Logo surgiu o início do desfile, em marcha lenta e solene, dobrando a
esquina para atravessar a praça. A música chegou antes. Era tocada por uma série de instrumentos, talvez combinados de forma imperfeita e tocados sem muito talento, mas ainda assim cumprindo o objetivo de, pela harmonia de tambores e clarins, falar à multidão — conferindo ar mais elevado e heroico à cena que passava diante dos olhos de todos. De início, a pequena Pearl bateu palmas, mas em seguida abandonou, por um instante, a agitação incessante que a mantivera em contínua ebulição a manhã toda; observando em silêncio, pareceu
levitar, feito um pássaro, nas longas ondulações e arremetidas do som. Mas voltou ao estado de ânimo anterior quando o sol reluziu nas armas e armaduras brilhantes da companhia militar, que marchava logo atrás da banda, funcionando
como escolta de honra para o desfile. Nesse batalhão — o qual ainda se mantém como corporação e segue sua marcha desde eras passadas com reputação nobre e ancestral — não havia mercenários. Era formado por cavalheiros que, sentindo atração pela vida militar, procuraram estabelecer uma Escola Marcial, na qual, com organização semelhante à dos Cavaleiros Templários, pudessem se dedicar a aprender a ciência e, na medida do possível, com exercícios pacíficos, a prática da guerra. O alto prestígio de que gozava, naquele tempo, a ocupação militar podia ser visto no porte arrogante de cada um dos membros da companhia. Alguns deles, na verdade, pelos serviços prestados nos Países Baixos e outros campos de batalha da Europa, haviam conquistado merecidamente o
direito de assumir o título e a pompa de soldados. O grupo todo, além disso, em trajes de aço polido, com penachos curvados sobre capacetes reluzentes, exibia um esplendor que nenhum desfile moderno poderia aspirar a ter igual.

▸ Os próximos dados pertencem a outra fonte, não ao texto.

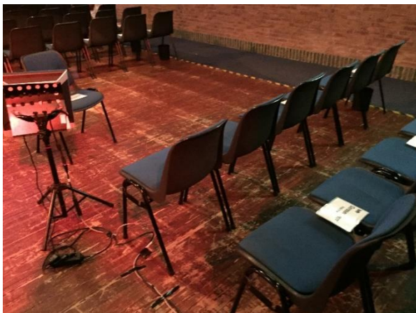
18. Het deel dat gereserveerd is voor dove gemeenteleden. 'Gereserveerd voor Doven' staat vermeld.

Aan de andere kant van de stellages staan rijen met stoelen. De stoelen zijn opgedeeld in drie blokken. Achter het rechterblok is een stoel met de zitting de andere kant op geplaatst. Bij deze stoel
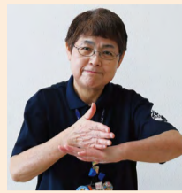
片方の手の平を下に、反対の手を縦にして甲の上に乗せる
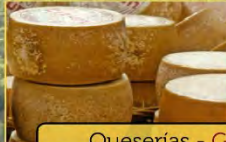
7 Queserías - Gaztandegiak "Bikain", "Antsoenea", "Anatxonea"
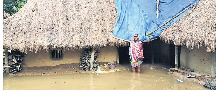
ପାଣି ଘେରରେ ଥିବା ଏକ ପରିବାର ।

ପାରାଦୀପ ଲକ୍ଷ ଆନା ଅନ୍ତର୍ଗତ ଗଡ଼ ବଜାରରେ ଥିବା ପଞ୍ଚାବ ନ୍ୟାଶନାଲ ବ୍ୟାଙ୍କରେ ଶନିବାର ଅଗ୍ନିକାଣ୍ଡ ଘଟିଛି । ଏଥିରେ ବ୍ୟାଙ୍କର ବହୁ ଆସବାବପତ୍ର ପୋଡ଼ିଯାଇଛି । ଏସି, ଟେକ୍ସ, ଟେୟାର, କାଗଜପତ୍ର, କ୍ୟାବିନ ଆଦି ଜଳିଯାଇଛି । ଅଗ୍ନିକାଣ୍ଡର କାରଣ ସ୍ପଷ୍ଟ ହୋଇ ନ ଥିଲେ ମଧ୍ୟ ଶବ୍ଦ ସମ୍ବନ୍ଧରେ ଏପରି ଘଟଣା କୁହାଯାଉଛି । ମାସର ଦ୍ୱିତୀୟ ଶନିବାର ଥିବାରୁ ବ୍ୟାଙ୍କ ବନ୍ଦ ଥିଲା । ସନ୍ଧ୍ୟାରେ ଅଗ୍ନିକାଣ୍ଡ ଦେଖି ସ୍ଥାନୀୟ ଲୋକେ ବ୍ୟାଙ୍କ କର୍ମଚାରୀ ଓ ଦମକଳ ବାହିନୀକୁ ଖବର ଦେଇଥିଲେ । କୁଳଜ ଓ ପାରଦୀପ ବନ୍ଦର ଦମକଳ ବାହିନୀ ପହଞ୍ଚି ନିଆଁକୁ ଆୟତ୍ତ କରିଥିଲେ । ପୋଲିସ, ବ୍ୟାଙ୍କ କର୍ମଚାରୀ ପହଞ୍ଚି ଟଙ୍କା ସୁରକ୍ଷିତ ରଖିବାକୁ ବ୍ୟବସ୍ଥା କରିଥିଲେ । ଗତ ଶୁକ୍ରବାର ସନ୍ଧ୍ୟାରେ ବ୍ୟାଙ୍କକୁ ସଂଯୋଗ ହୋଇଥିବା ବିଦ୍ୟୁତ୍ ତାରରୁ ଶବ୍ଦ ସମ୍ବନ୍ଧରେ ନିଆଁ ବାହାରିଥିବା ସ୍ଥାନୀୟ ଲୋକେ ଦେଖିଥିଲେ ବୋଲି କହିଛନ୍ତି ।
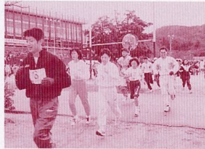
力走する参加者のみなさん
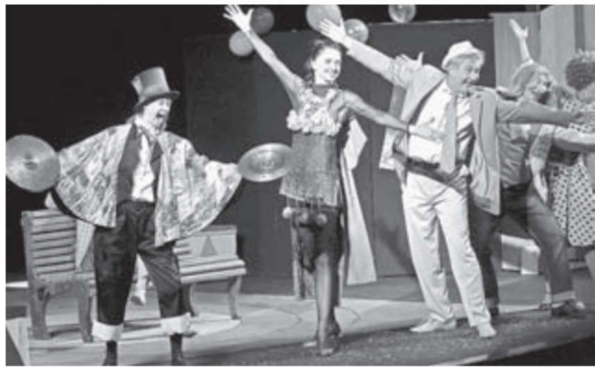
Сцена из спектакля «...и ЦИРК!» театра «У Никитских ворот».

Открытие 9-дневного марафона искусства прошло в стиле open-air: перед краевым театром драмы силами артистов и студентов АГИК был воссоздан мир произведений Шукшина, населенный его героями. В театре объясняют, что такой фестиваль – событие не только для театралов и знатоков творчества писателя, но и для всех земляков Василия Макаровича, и потому он не должен был ограничиваться рамками сцены.
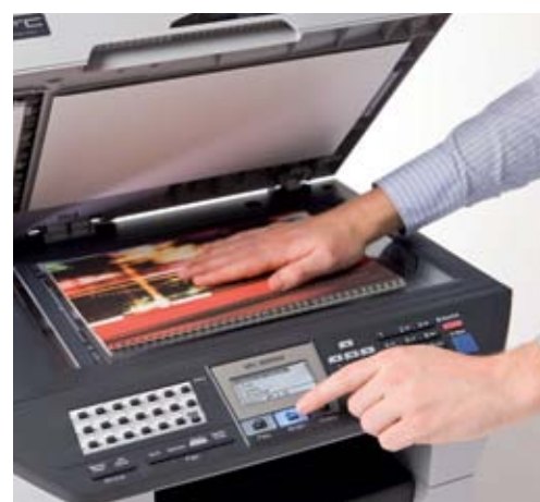
Scan dine A4-dokumenter i farver

Her får du virkelig noget for pengene: Tre energieffektive arbejdsheste, som hjælper dig med at skære ned på forbruget med automatisk duplexprint, -fax*, -kopi og -scan. Desuden fås ekstra stor toner, som gør sideprisen lavere.
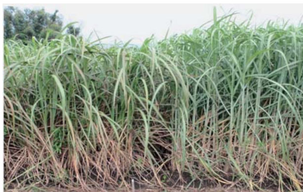
写真1 種子島での「やえのうしえ」の草姿（収穫4回目、2年目2番草）

「やえのうしえ」の形態的特性を第3表に、草姿を写真1に示す。調査は種苗特性分類（農林水産省2011）に基づき、年1回収穫体系で栽培した個体を対象とした。類似品種として飼料用品種「しまのうしえ」ならびに「KRFo93-1」、標準品種として製糖用品種「NiF8」を比較のため記載した（以下の生態的特性、耐病性なども同様とした）。なお、肥培管理は九州沖縄農業研究センター種子島研究拠点の慣行に準じた。

E, no entanto, as autoridades civis que vinham logo atrás da escolta militar
mereciam maior atenção por parte do observador cuidadoso. O próprio
comportamento dessas figuras em público era de tão majestosa estampa que a empáfia arrogante do soldado, na comparação, parecia vulgar, senão absurda. Aquele era um tempo no qual o que hoje chamamos de talento recebia bem menos consideração do que agora, concedendo-se muito mais importância à solidez material que denotava estabilidade e dignidade. Por força hereditária, o povo possuía a virtude da reverência; qualidade que, se sobrevive nos seus atuais
descendentes, é apenas em pequena proporção e amplamente enfraquecida com relação à escolha e à estima dos homens públicos. Tal mudança pode ter vindo para o bem ou para o mal, e talvez, em parte, surtindo ambos os efeitos. Naquela
época, o colono inglês instalado nessa costa hostil — tendo deixado para trás rei, nobreza e toda aquela enormidade de graus de hierarquia, ao passo que a virtude e a necessidade da reverência ainda sobreviviam fortes nele — canalizava tal
sentimento aos cabelos brancos e à venerável fronte da velhice; à integridade a toda prova; à sabedoria consistente e à experiência tingida pela tristeza; àqueles dotes graves e significativos que passam a ideia de permanência e aparecem sob a definição genérica de respeitabilidade. Esses primeiros homens de Estado, portanto — Bradstreet, Endicott, Dudley, Bellingham e seus contemporâneos
—, alçados a posições de poder como primeiras escolhas do povo, parecem não ter primado amiúde pelo brilhantismo, mas granjeado distinção mais por uma sobriedade ponderada que pelo exercício do intelecto. Possuíam coragem e
autoconfiança, e, em tempos difíceis ou perigosos, erguiam-se pelo bem-estar da comunidade feito um paredão rochoso contra o maremoto. Os traços de caráter aqui descritos estavam bem representados na fisionomia angulosa e no físico
avantajado dos novos magistrados da colônia. No que concerne à atitude de
natural autoridade, a pátria-mãe não passaria vergonha ao ver esses pioneiros da democracia real incorporados à Câmara dos Lordes ou ao Conselho Real na Inglaterra.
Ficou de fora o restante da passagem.